Per gli impianti alimentati da biomassa proveniente dalla filiera corta il
nuovo certificato «agricolo» prevede un coefficiente moltiplicativo pari a
1,8 e una tariffa omnicomprensiva di 300 euro/MWh.
Dopo un tribolato iter parlamentare lo scorso 28 novembre sono stati
finalmente approvati i nuovi certificati verdi di tipo «agricolo», previsti
nella conversione in legge con modificazioni del dlgs 159/2007, meglio
conosciuto come «Collegato alla Finanziaria». Si tratta di una forma di
incentivo previsto per la produzione di energia elettrica mediante impianti
alimentati da biomasse e biogas che presenta caratteristiche innovative e
molto interessanti sotto il profilo economico, in particolare per il settore
agricolo, se lo saprà utilizzare con lungimiranza.
Questa forma di sostegno può essere riconosciuta a precise condizioni:
- che le biomasse e il biogas derivino da prodotti agricoli, da allevamento
e forestali, inclusi i sottoprodotti come ad esempio i residui delle
colture, ramaglie e potature derivanti dall’attività agricola e
selvicolturale, liquami zootecnici e altro;
- che questi prodotti siano ottenuti nell’ambito di intese di filiera o
contratti quadro così come disciplinati dagli articoli 9 e 10 del dlgs
102/2005, oppure da filiere corte, cioè quelle in cui i prodotti sono
ricavati entro un raggio di 70 km dall’impianto che li utilizza per generare
elettricità.
Per beneficiare dell’incentivo è necessario che la produzione di energia
elettrica da fonti rinnovabili sia stata autorizzata successivamente al
31-12-2007. La legge prevede due categorie distinte di incentivo a seconda
della potenza elettrica degli impianti: superiori o inferiori a 1 MW.
Impianti di oltre 1 MW
Nel primo caso la forma del beneficio economico viene calcolata per ciascun
impianto attraverso il riconoscimento di certificati verdi (uno per ogni MWh)
in numero pari all’energia elettrica prodotta nell’anno precedente,
moltiplicata per il coefficiente 1,8.
Per tradurre in pratica un meccanismo così poco chiaro poniamo il caso di
un’azienda agricola che nel gennaio 2008 abbia realizzato un impianto a
biogas con potenza elettrica di 1,5 MW, alimentato con liquami zootecnici e
insilato di mais prodotti nella stessa azienda, quindi una filiera
decisamente corta. Durante il 2008 l’impianto produce 10.500 MWh (1,5 MW u
7.000 ore di funzionamento). Nell’anno successivo avrà diritto a 18.900
certificati verdi (10.500 u 1,8).
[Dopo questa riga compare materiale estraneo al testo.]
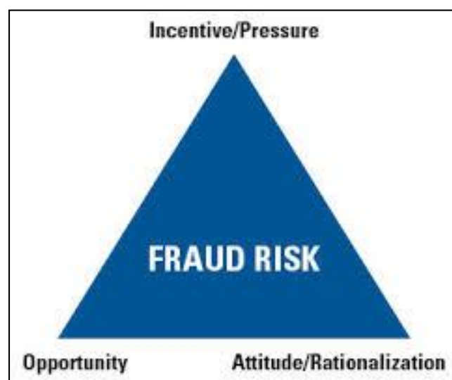
Fig 1: Role of employee and management in Data integrity

Warning Letter and Compliance Issue: The risks of non-compliance increase with the number of NDAs/ANDAs and facilities, as increased scrutiny comes with scale and regulatory authorities are willing to send warnings to multiple sites based on the review of one site. A pharmaceutical manufacturer's lever to pull to reduce the risk of regulatory action is in improving Data Integrity. Doing so may provide a sustainable advantage in a highly competitive market [2] .
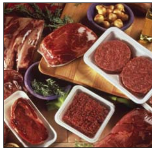
Cryovac® Food Packaging
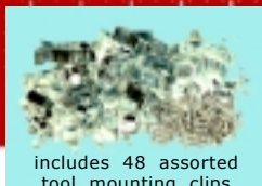
includes 48 assorted tool mounting clips
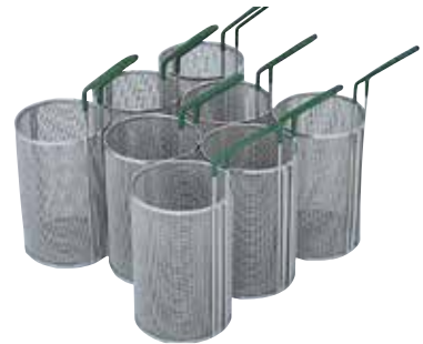
Round Pasta Baskets 803-0238
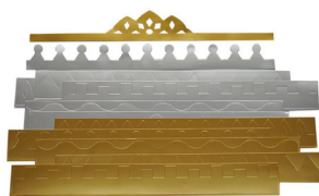
CR695 Card Crowns
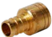
PEX x Sweat Adapter

ASTM F1807 No lead, DZR forged brass ANSI/NSF 61 & 14
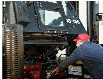
Easy Access to Drive Train & Hydraulics
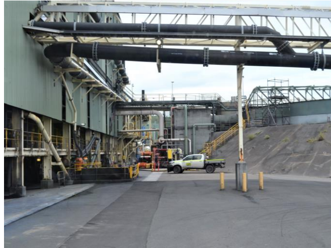
View of the Mount Owen Coal Handling and Preparation Plant.
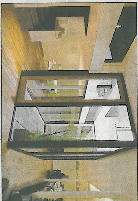
Judges said the Moore Street Housing development, above, demonstrated that social housing remained a vital focus for innovation in Scotland while, clockwise from right, The Printworks, Potterrow and the Beaton Institute's new cancer research facility were all commended by Royal Institute of British Architect Judges

A questo punto è necessario dare un valore
a ciascun certificato verde.
Ogni anno il Gse (Gestore servizi elettrici) pubblica il valore di
riferimento del certificato, che per il 2007 è pari a 137,49 euro/MWh,
prezzo che va a incidere nella trattativa della compravendita dei
certificati stessi. Ipotizzando che nella contrattazione si riesca a
ottenere un valore effettivo di vendita di 125 euro/MWh, il titolare
dell’azienda agricola potrebbe incassare nel 2009, 2.362.500 euro da
certificati verdi.
È utile mettere in evidenza che l’art. 30-bis della Finanziaria 2008, al
comma 7, prevede che a partire dallo stesso anno, e fino al raggiungimento
dell’obiettivo minimo della copertura del 25% del consumo interno di energia
elettrica da fonti rinnovabili, il Gse, su richiesta del produttore, ritiri
i certificati verdi in scadenza nell’anno, oltre a quelli necessari ad
assolvere all’obbligo della quota minima, a un prezzo medio pari a quello
riconosciuto nell’anno precedente dal Gestore del mercato elettrico.
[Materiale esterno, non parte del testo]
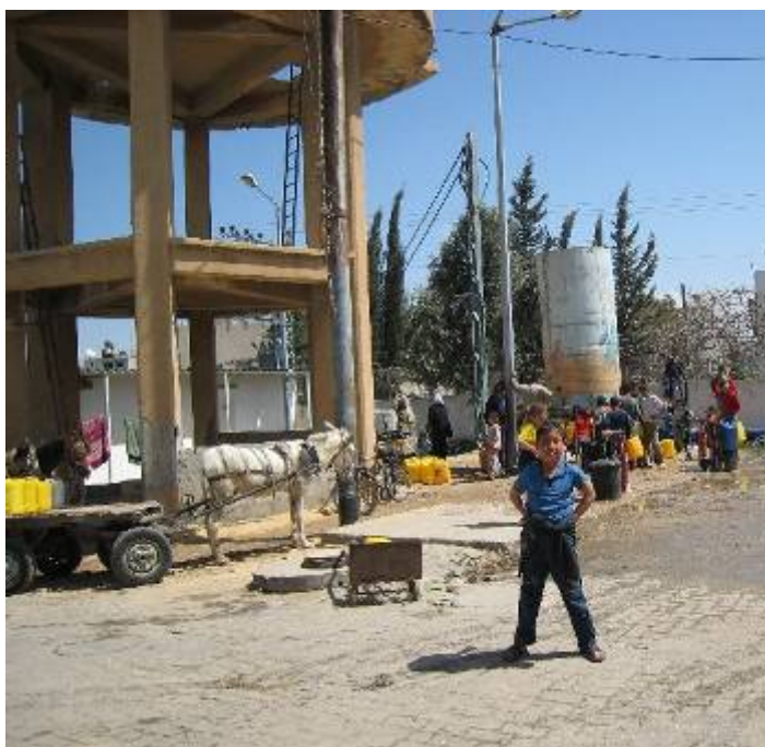
Residents filling containers of drinking water at a water purification plant in Khan Yunis, Gaza Strip

The yearly sustainable yield of the Coastal Aquifer in Gaza, some 55 MCM, falls far short of the population's needs. Israel does not allow the transfer of water from the Mountain Aquifer in the West Bank to Gaza. (In any case, such transfers would be feasible only if Israel allowed the Palestinian population of the West Bank access to a more equitable share of the Mountain Aquifer, as the current allocation is not sufficient to meet even their own needs.)

Ciò significa che non si correrà alcun rischio di mancato collocamento dei
certificati considerato, in pratica, l’obbligo di ritiro del Gse. Anche gli
aspetti di negoziazione ne potranno trarre beneficio.
Impianti sotto 1 MW
Per gli impianti di potenza elettrica non superiore a 1 MW il produttore ha
diritto, in alternativa ai certificati verdi e su specifica richiesta, a una
tariffa fissa omnicomprensiva pari a 0,30 euro per ogni kWh. In pratica si
tratta di un meccanismo simile al «conto energia» applicato attualmente
all’energia elettrica prodotta dai pannelli fotovoltaici.
Esemplificando, in un’azienda agricola con lo stesso impianto a biogas del
caso precedente, ma della potenza elettrica di 500 kW, i risultati economici
dell’incentivo sarebbero i seguenti: 3.500 MWh prodotti all’anno
moltiplicati per 300 euro/MWh = 1.050.000 euro/anno.
Peraltro questa forma di conto energia «agricolo» avrebbe il vantaggio si
essere più semplice, saltando gli oneri della collocazione dei certificati
verdi sul mercato.
Durata
In entrambi i casi la legge prevede una durata dei certificati verdi per un
periodo di 15 anni. Ogni 3 anni, con decreto dei Ministeri competenti, potrà
essere aggiornato sia il coefficiente di moltiplicazione per gli impianti
sopra al MW sia la tariffa omnicomprensiva.
Cumulabilità
Per i medesimi impianti, qualunque ne sia la potenza elettrica, è previsto
che l’accesso agli incentivi fin qui descritti sia cumulabile con altri
incentivi pubblici di natura nazionale, regionale, locale o comunitaria in
conto capitale o conto interessi con capitalizzazione anticipata, non
eccedenti il 40% del costo dell’investimento.
Tracciabilità e rintracciabilità
Con apposito decreto dei Ministeri competenti saranno stabilite le modalità
con le quali gli operatori della filiera di produzione e distribuzione di
biomasse e biogas che hanno le caratteristiche fin qui descritte saranno
tenuti a garantire la tracciabilità e la rintracciabilità della filiera,
condizione necessaria per accedere agli incentivi.